Zelfeffectiviteit gemeten met de Pain Self-Efficacy Questionnaire (PSEQ) was de primaire uitkomst. Alleen de 10e vraag werd in overweging genomen. Dit item 10 vraagt de deelnemers om aan te geven hoe zeker ze zich zouden voelen om geleidelijk aan actiever te worden ondanks de pijn. De antwoorden varieerden van 0 (helemaal geen vertrouwen) tot 6 (volledig vertrouwen).
Als secundaire uitkomst werden de deelnemers gevraagd naar hun houding ten opzichte van actief blijven. Dit werd gevraagd met behulp van Factor 1 van de AxEL-Q vragenlijst, een gevalideerde vragenlijst die is ontworpen om attitudes ten opzichte van eerstelijnszorg voor lage rugpijn te beoordelen. Factor 1 bestaat uit 9 items en evalueert de houding ten opzichte van actief blijven; het scorebereik is 0 tot 54, waarbij een hogere score duidt op een positievere houding ten opzichte van boodschappen over actief blijven.
1933 mensen werden willekeurig toegewezen aan een van beide videogroepen of aan de controlegroep. Ze waren gemiddeld 58,9 jaar oud en de meerderheid was vrouw (75%). Zeventig procent van de deelnemers had last van lage rugpijn en bij 87% van hen duurde dit al langer dan 3 maanden.
Het primaire resultaat toonde aan dat de deelnemers die een humoristische of neutrale educatieve video bekeken, meer vertrouwen hadden om actief te worden ondanks hun lage rugpijn, vergeleken met de deelnemers in de controlegroep die geen video bekeken. Het gemiddelde verschil van de humoristische video versus geen video was 0,3 (95% CI 0,1 - 0,6) en het gemiddelde verschil van de neutrale video versus geen video was ook 0,3 (95% CI 0,1 - 0,5). Er werd geen verschil waargenomen tussen de deelnemers die een neutrale of een humoristische video bekeken (gemiddeld verschil = 0 (95% CI (-0,2 - 0,3)).
Als secundair resultaat toonden de resultaten aan dat degenen die een video bekeken een positievere houding hadden ten opzichte van actief blijven dan degenen die geen video bekeken. Ook hier werd geen significant verschil waargenomen tussen de humoristische en neutrale video.
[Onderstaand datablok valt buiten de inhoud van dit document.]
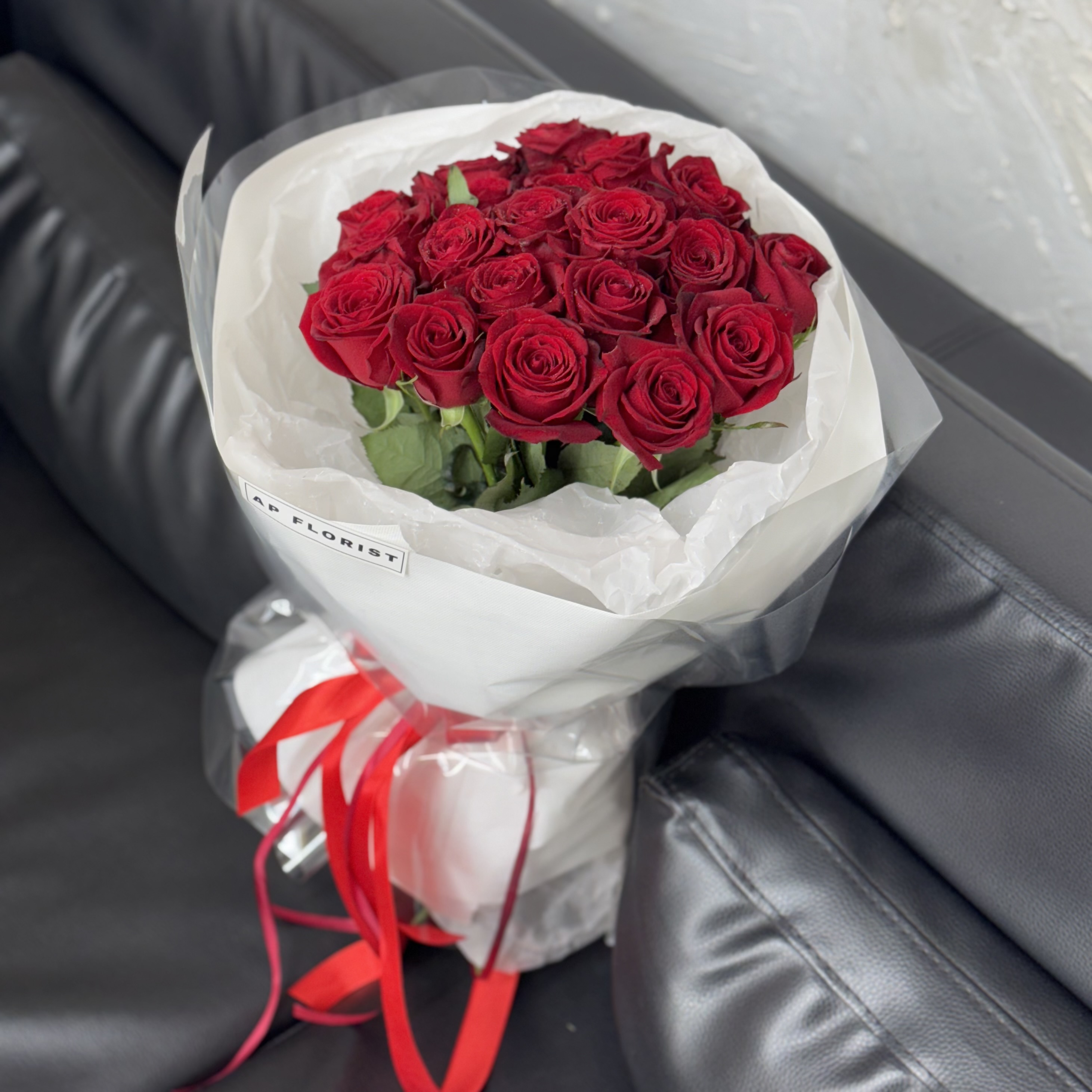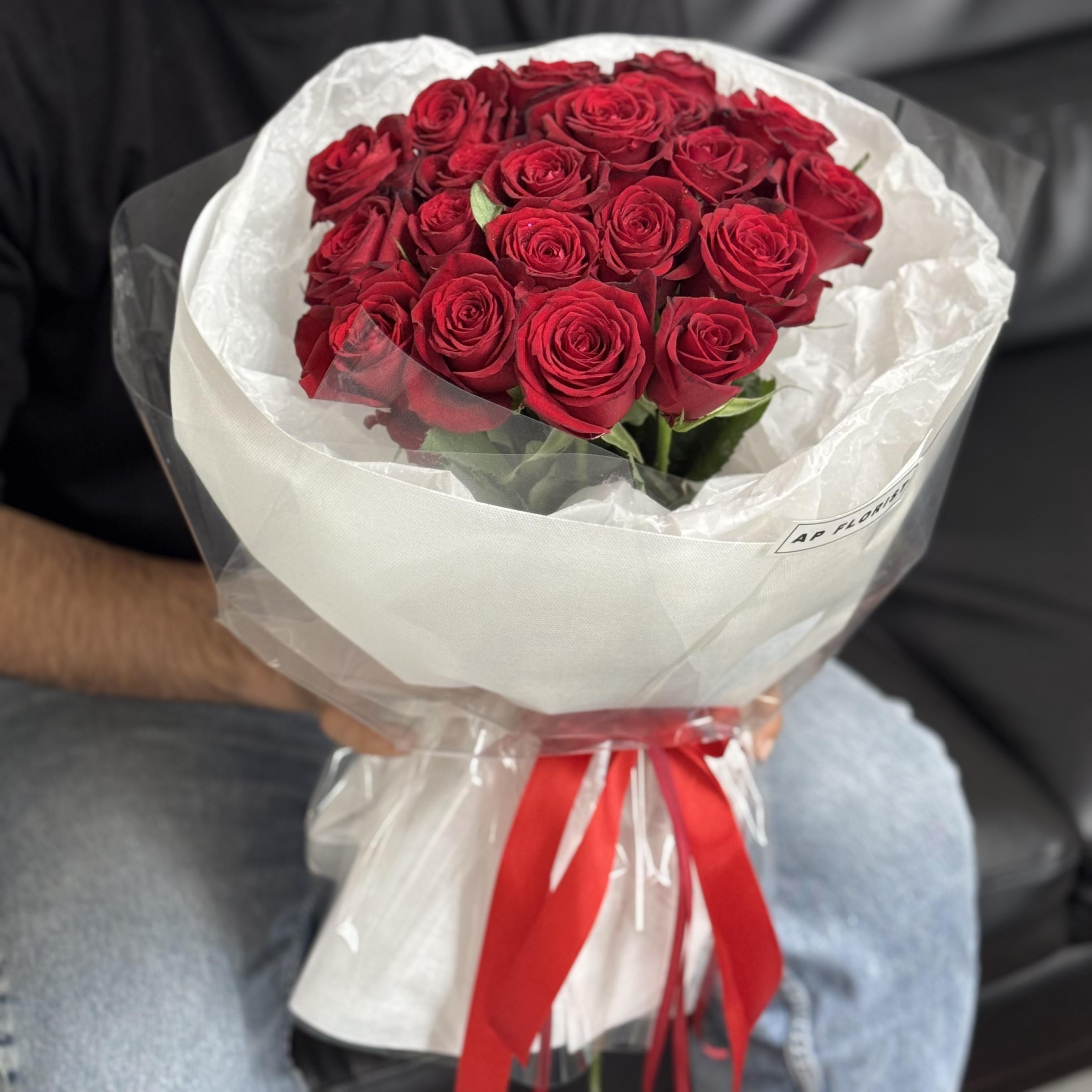 دستهگل اریانا ؛ ترکیبی از بیست شاخه رز هلندی قرمز که با سبک دیزاین مینیمال که تو رنگبندی قابل اجراست. برای موندگاری بیشتر گلها کافیه ؛ ۱- در فضای خنک نگهداری شود. ۲- اب گلها روزانه عوض شود. ۳- ساقهی گلها روزانه کوتاه شود.
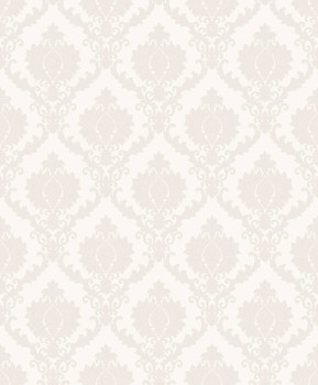 Vliesová tapeta s vinylovým povrchem, odstíny bílo-krémové, zámecký damaškový vzor.

Moeten we nu allemaal video's opnemen om mensen te helpen meer te bewegen ondanks rugpijn? Natuurlijk niet. Maar als zo'n video met gedetailleerde en correcte informatie over rugpijn en activiteit het eerste zou zijn wat patiënten vinden als ze op internet zoeken, dan zou dat zeker helpen om veelvoorkomende misvattingen uit de wereld te helpen.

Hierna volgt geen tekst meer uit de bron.